WHAT TO WORK ON:
Skip pictures in the listing below; copy exactly the lines from the one with "В последнее воскресенье" through the one with "เป็นโรคเลือดมาก่อน การสูบบุหรี่หรือสาเหตุอื่น ๆ", inclusive.

SUPPLIED ENTRIES:

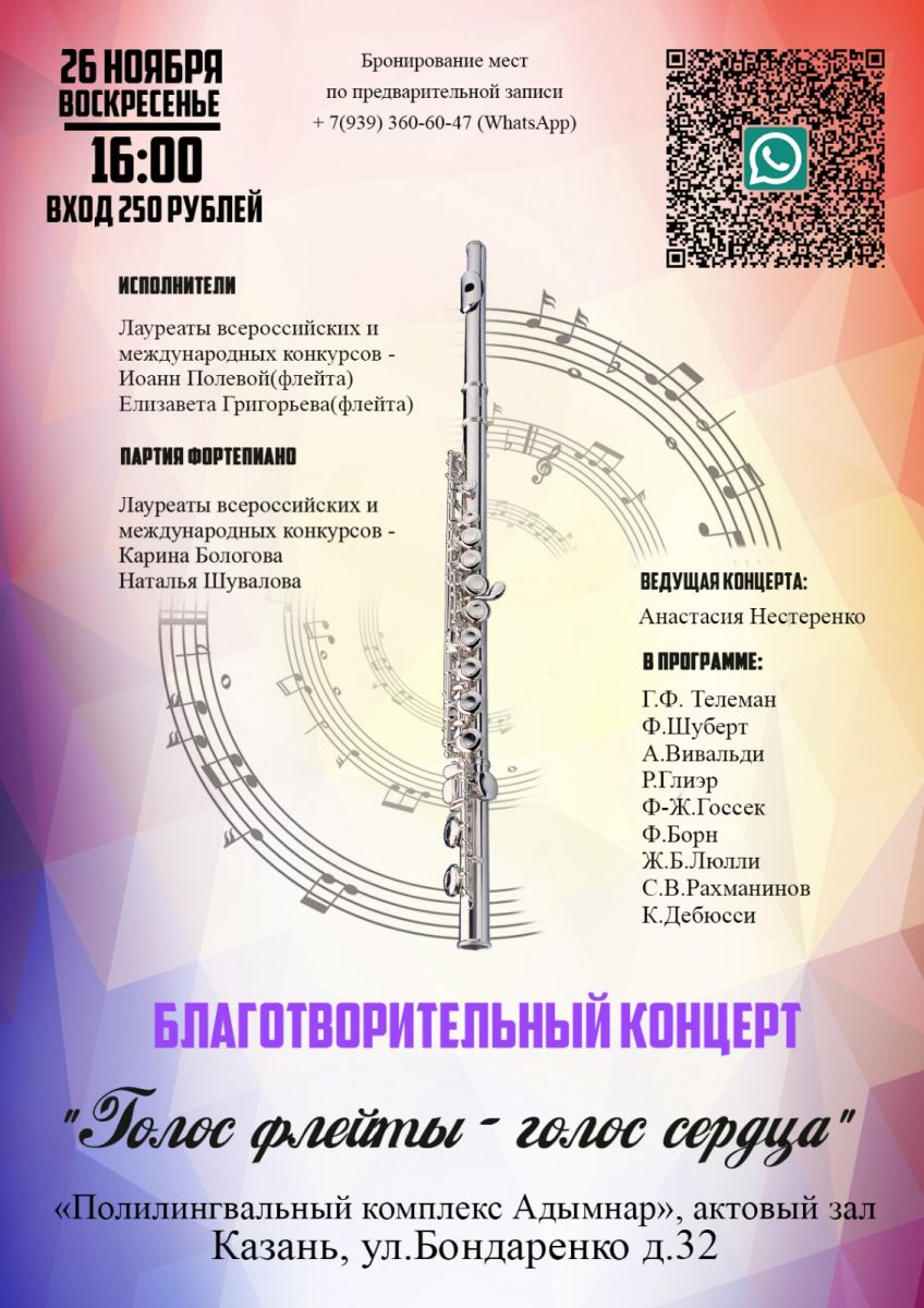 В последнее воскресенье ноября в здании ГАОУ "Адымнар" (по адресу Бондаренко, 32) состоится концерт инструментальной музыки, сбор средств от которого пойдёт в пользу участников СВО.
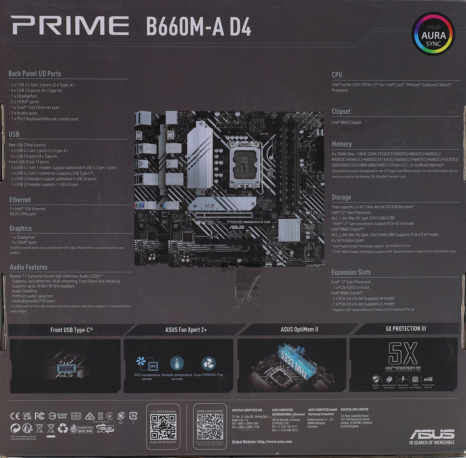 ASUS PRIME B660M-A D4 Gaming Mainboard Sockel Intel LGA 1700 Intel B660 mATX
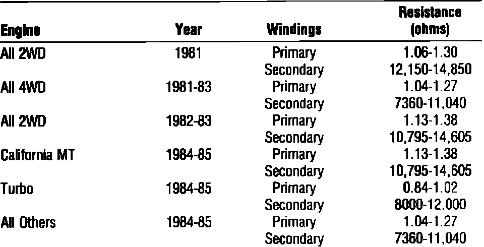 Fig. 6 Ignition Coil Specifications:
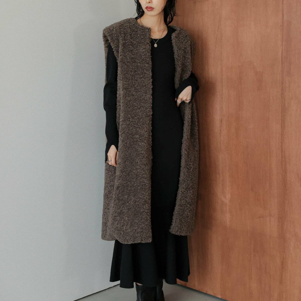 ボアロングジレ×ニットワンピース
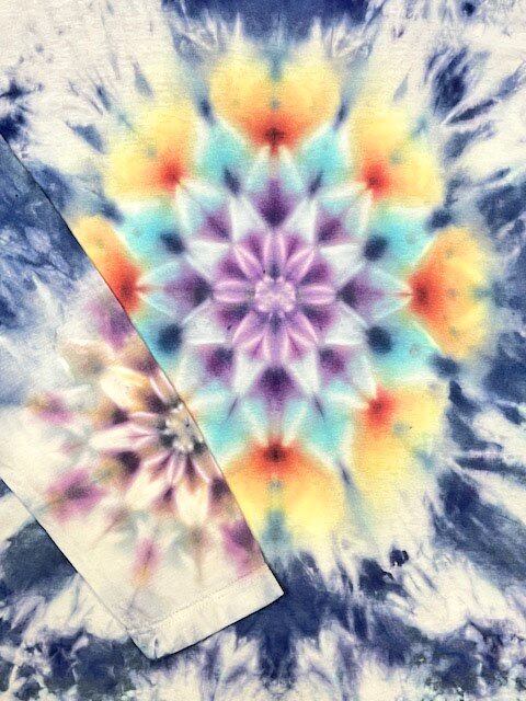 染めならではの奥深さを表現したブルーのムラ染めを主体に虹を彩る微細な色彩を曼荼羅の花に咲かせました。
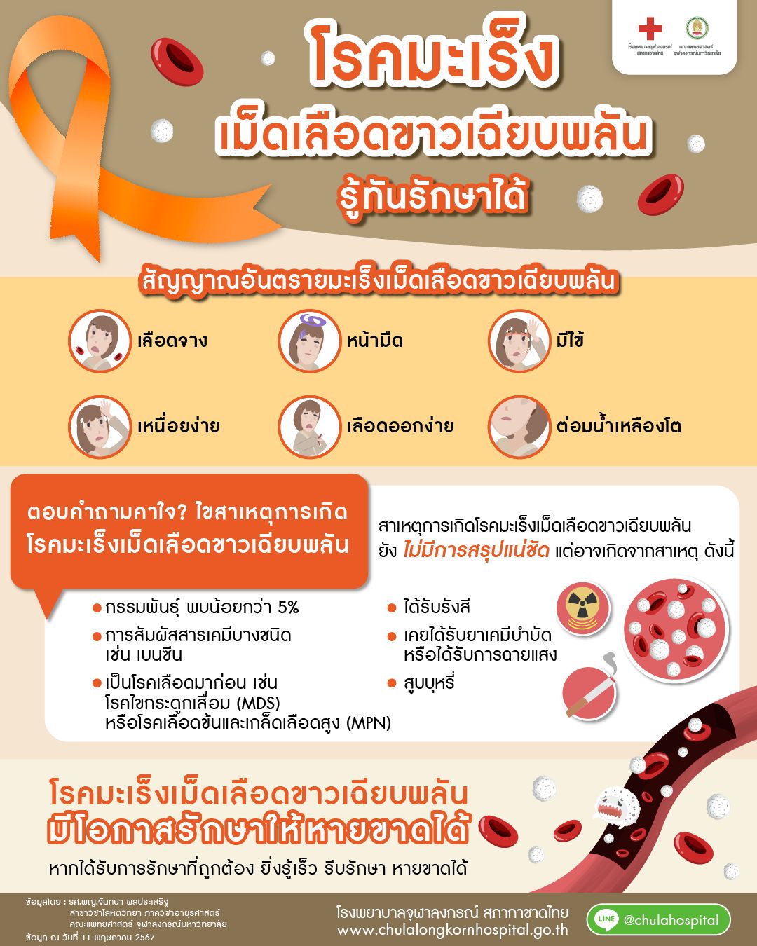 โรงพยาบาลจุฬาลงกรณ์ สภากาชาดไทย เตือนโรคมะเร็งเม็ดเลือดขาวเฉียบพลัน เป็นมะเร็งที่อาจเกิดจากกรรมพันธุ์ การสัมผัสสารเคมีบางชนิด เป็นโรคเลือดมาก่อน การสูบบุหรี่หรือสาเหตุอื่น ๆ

...

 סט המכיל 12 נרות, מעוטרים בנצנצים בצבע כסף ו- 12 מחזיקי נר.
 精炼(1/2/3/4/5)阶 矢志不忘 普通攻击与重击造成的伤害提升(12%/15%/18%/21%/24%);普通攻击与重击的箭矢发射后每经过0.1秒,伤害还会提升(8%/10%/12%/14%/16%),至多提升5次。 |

TASK SOLUTION:
 В последнее воскресенье ноября в здании ГАОУ "Адымнар" (по адресу Бондаренко, 32) состоится концерт инструментальной музыки, сбор средств от которого пойдёт в пользу участников СВО.
 ASUS PRIME B660M-A D4 Gaming Mainboard Sockel Intel LGA 1700 Intel B660 mATX
 Fig. 6 Ignition Coil Specifications:
 ボアロングジレ×ニットワンピース
 染めならではの奥深さを表現したブルーのムラ染めを主体に虹を彩る微細な色彩を曼荼羅の花に咲かせました。
 โรงพยาบาลจุฬาลงกรณ์ สภากาชาดไทย เตือนโรคมะเร็งเม็ดเลือดขาวเฉียบพลัน เป็นมะเร็งที่อาจเกิดจากกรรมพันธุ์ การสัมผัสสารเคมีบางชนิด เป็นโรคเลือดมาก่อน การสูบบุหรี่หรือสาเหตุอื่น ๆ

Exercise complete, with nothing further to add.